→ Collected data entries
========================
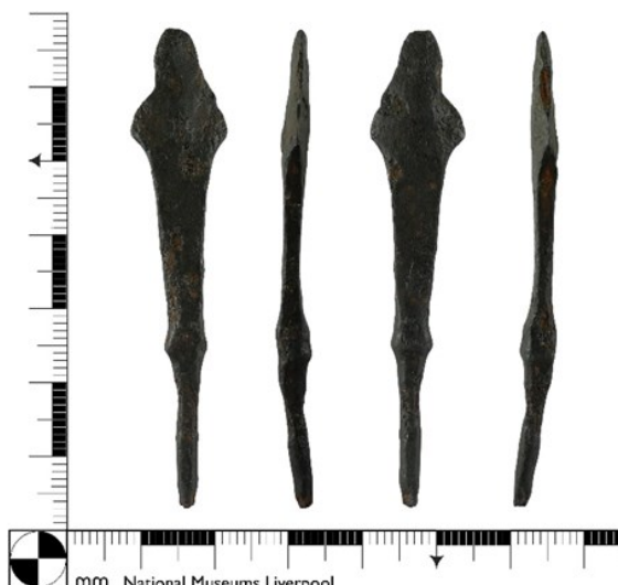
Fig. 2. Complete medieval iron tanged arrowhead dating to the medieval period, c.AD 800-1100.

Finders of chance archaeological finds from England and Wales are able to report their discoveries to their local Finds Liaison Officer (FLO) – their details can be found here: https://finds.org.uk/contacts
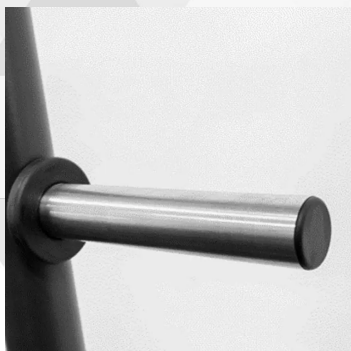
8 Olympic Plate Storage Pegs Store a plethora of Olympic plates with these plate holder bars attached to the rack
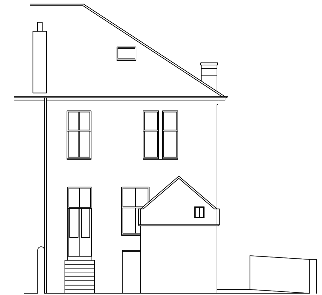
REAR ELEVATION Scale 1 : 100
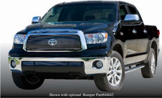
Shown with optional Bumper Part#44642

Shown with Upper Main Grille Part#44622 & 4463 Machined Hood Insert
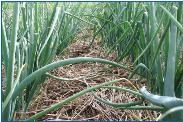
Onions growing in crop residue Brazil, 2005

Estimates of water savings due to reduced tillage and surface residues have been determined to be upwards of 10 cm during a crop season in the US.
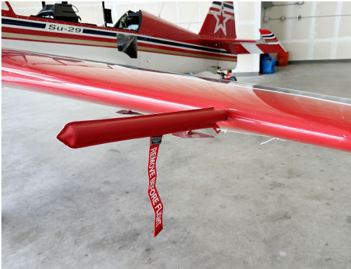
Sukhoi SU-26 Pitot Cover

Sukhoi SU-26 Pitot Tube Covers , NOT HEAT RESISTANT TYPE, are made of Naugahyde vinyl, and are designed to cover the entire pitot assembly. Slipping over the tube, the cover tightens around the base with a Velcro strap detail. A "Remove Before Flight" streamer is attached to the cover. Heat Resistant Pitot Covers are an upgrade to this design, and help prevent the pitot cover from melting onto the tube if the pitot heat is accidentally turned on while installed. If you want the set tethered together, please let us know.
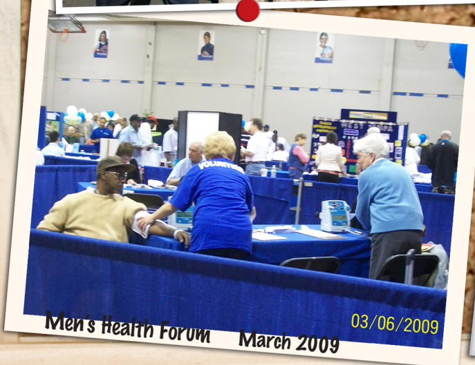
Men's Health Forum March 2009 03/06/2009
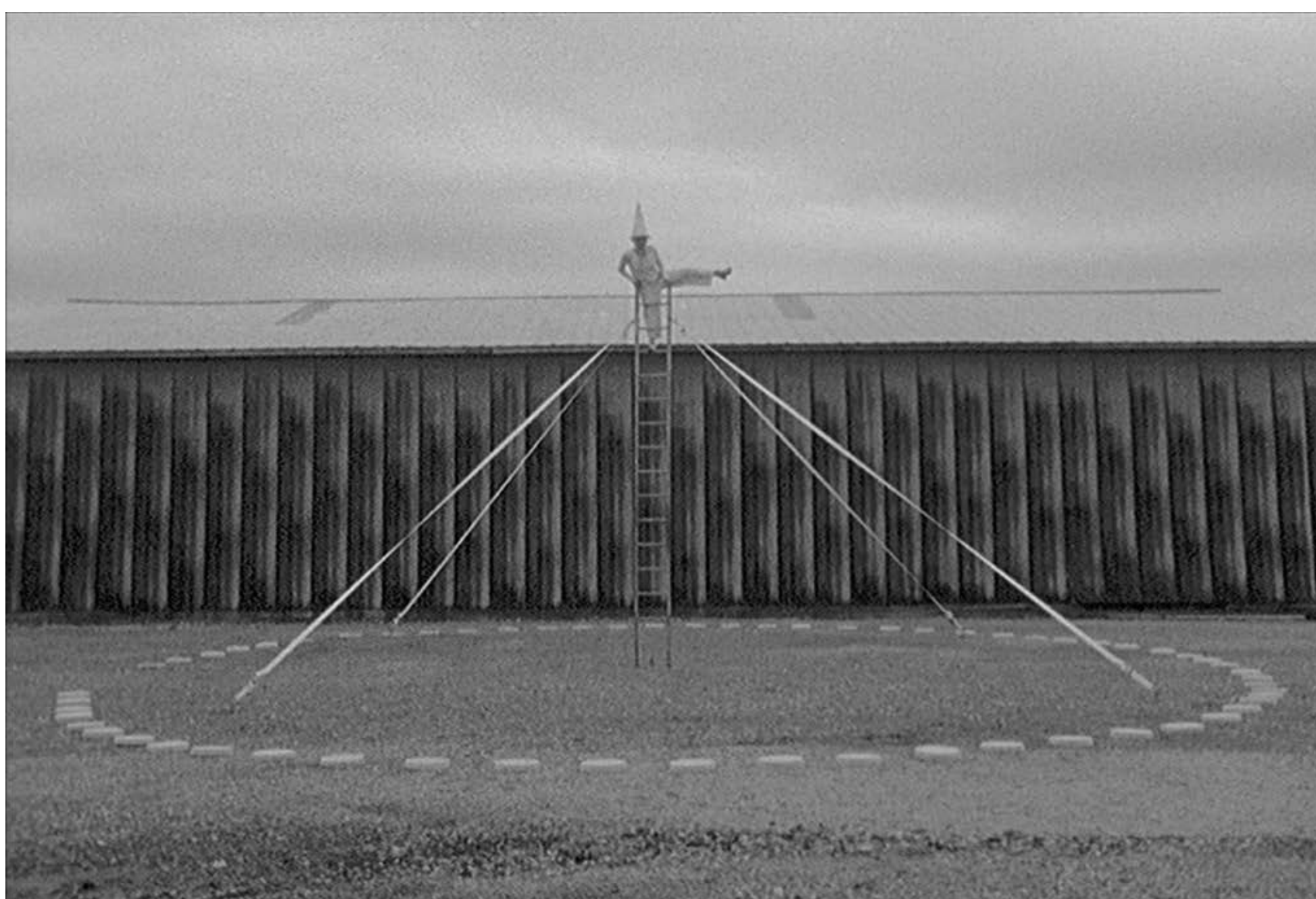
Alison Crocetta, A Circus of One , a 16mm black and white film in collaboration with composer Jason Treuting, 2011. Photo credit: 16m black and white film still

At the heart of this exhibition will be the premiere of A Circus of One (Act II) , a 30-minute event comprised of seven performance actions that occur within the intimate setting of a 20-foot-wide ring. For this project, she has joined forces with composer/musician Zac Little of the band Saintsenecca. Little's haunting and spacious music creates the soundscape for Crocetta's mesmerizing performance that runs the gamut from the absurd to the trance-inducing as she interacts with a large, shape-shifting wooden horse. In close proximity to this work, the CAC will present a large-scale projection of her 16mm black-and-white film, A Circus of One (scored by Jason Treuting), and related wooden sculptures that were used in the film's actions.
========================
→ Task statement
Precisely those lines above that run from the line with "Onions growing in crop residue Brazil, 2005" up to and including the line with "Alison Crocetta, A" are to be set down, with the pictures omitted.

→ Response to the exercise
Onions growing in crop residue Brazil, 2005

Estimates of water savings due to reduced tillage and surface residues have been determined to be upwards of 10 cm during a crop season in the US.
Sukhoi SU-26 Pitot Cover

Sukhoi SU-26 Pitot Tube Covers , NOT HEAT RESISTANT TYPE, are made of Naugahyde vinyl, and are designed to cover the entire pitot assembly. Slipping over the tube, the cover tightens around the base with a Velcro strap detail. A "Remove Before Flight" streamer is attached to the cover. Heat Resistant Pitot Covers are an upgrade to this design, and help prevent the pitot cover from melting onto the tube if the pitot heat is accidentally turned on while installed. If you want the set tethered together, please let us know.
Men's Health Forum March 2009 03/06/2009
Alison Crocetta, A Circus of One , a 16mm black and white film in collaboration with composer Jason Treuting, 2011. Photo credit: 16m black and white film still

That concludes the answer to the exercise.